Tree seventy-two was a large silver maple whose leaves had a sickly brownish hue and were withered. The plaque in front of it read Francis Snyder. Dack jumped out of the four wheeler and planted his feet. “Now look here!” He said, pointing a finger at the tree, “You made this problem! You were part of burning the ozone layer away! So you fix it! I don’t want to see any shirking on my farm, understand?”


Then he laughed, shook his head and bent down to tap the meter. “You know the government just asks for it, insisting we put up those stupid plaques for headstones and use their names. They’re dead! Who cares who they were?”


“Indeed.” Harris said.


While he fiddled with the meter, Harris pulled a plaque out of his pocket and moved over to the next tree, a sapling recently planted. Harris shoved the sign down into the freshly upturned dirt. “Forgot to put that in when that lady got planted yesterday,” he explained to Dack. “Corpse from the newest age limit reduction.” He stopped, an odd look on his ugly face. “Real pretty corpse. Makes me glad I bought that exemption.”


“She look young?”


“Very.”


“Eh, well. If you’ve gotta look at a dead person, why not look at an attractive one, I say. Better than some wrinkly old geezer, right?” Dack stood up and scratched his head. “The meter’s reading fine. The line’s connected, the computer is operating properly. What the heck is going on here?”


Both men looked up at the tree as a breeze stirred the leaves into a papery susurrus. The breeze died away and the leaves drooped like used tissues. Some of the edges had already began to curl into a crisp brown. The whole tree seemed to sag, a dark, withered thing against the acres of fresh green leaves.


“Well…” Dack said with false cheer, “It’s only one tree. They gotta die sometime.”

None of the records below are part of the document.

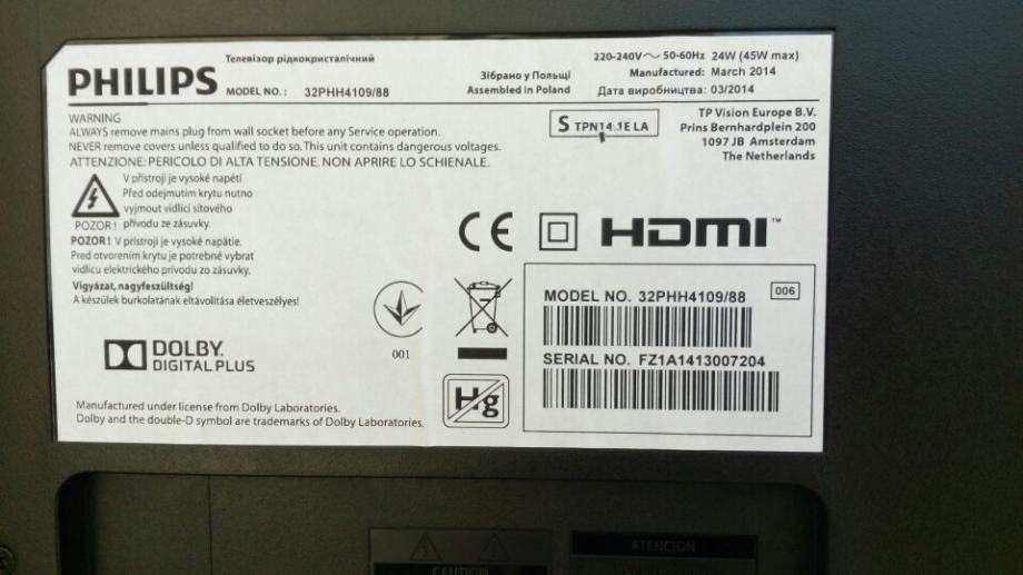Philips televizor 32PHH4109/88, 32", LED, HD ready-razbijen ekran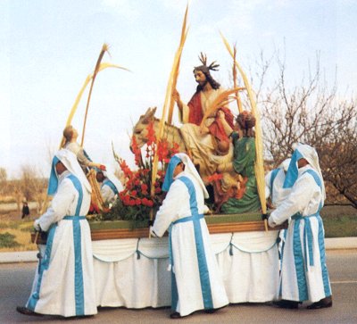 En sus orígenes la indumentaría de la Cofradía de "La Entrada de Jesús en Jerusalén" constaba de una túnica de color beige con franjas verticales azul celeste, acompañada de tercerol blanco corto con la cara cubierta con máscara del mismo color azul. Con el paso del tiempo la túnica ha pasado de ser beige a ser blanca por cuestiones estéticas, con lo que se ha renovado el vesturaio de todos los cofrades, ganando en vistosidad.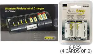 8 Bay LCD Charger + 8 D NiMH AccuPower AccuLoop Batteries (10000 mAh)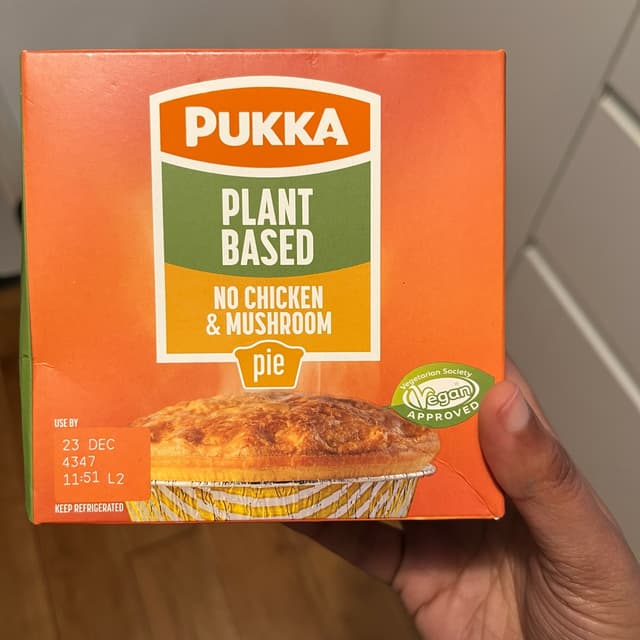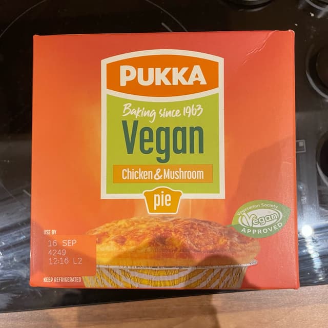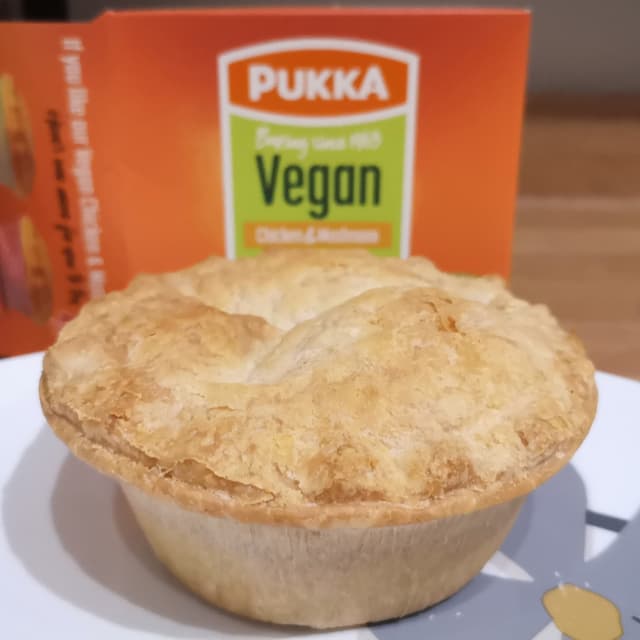To me this tastes just like the non-vegan pies. the filling is mostly sauce, with small pieces of #veganchicken and #mushroom. It doesn’t taste amazingly high quality but it does feel equal to their other non-vegan pies so that’s not a huge dig. Good for an easy, filling meal if you miss this sort of thing! #pie #lazyvegan

Harris cleared his throat. “Actually, sir, since we planted the new harvest of recycled people there are several more of our older trees doing the same thing…”


“How many?” Dack’s gaze was sharp.


“…Eighty-six.”


“What!? That’s almost ten percent of our trees!” Dack swore and jumped into the four wheeler. “Get in! If this is a blight, we have to stop it now! You realize if these trees die, our exemptions are worth crap? Everybody dies if they die!”


They sped away. As the dirt settled, a leaf from Francis Snyder fluttered down through the air, floating back and forth and finally landing in front of the new sapling’s plaque. The plaque read: Gloria Snyder. Born 2062 -Recycled 2107.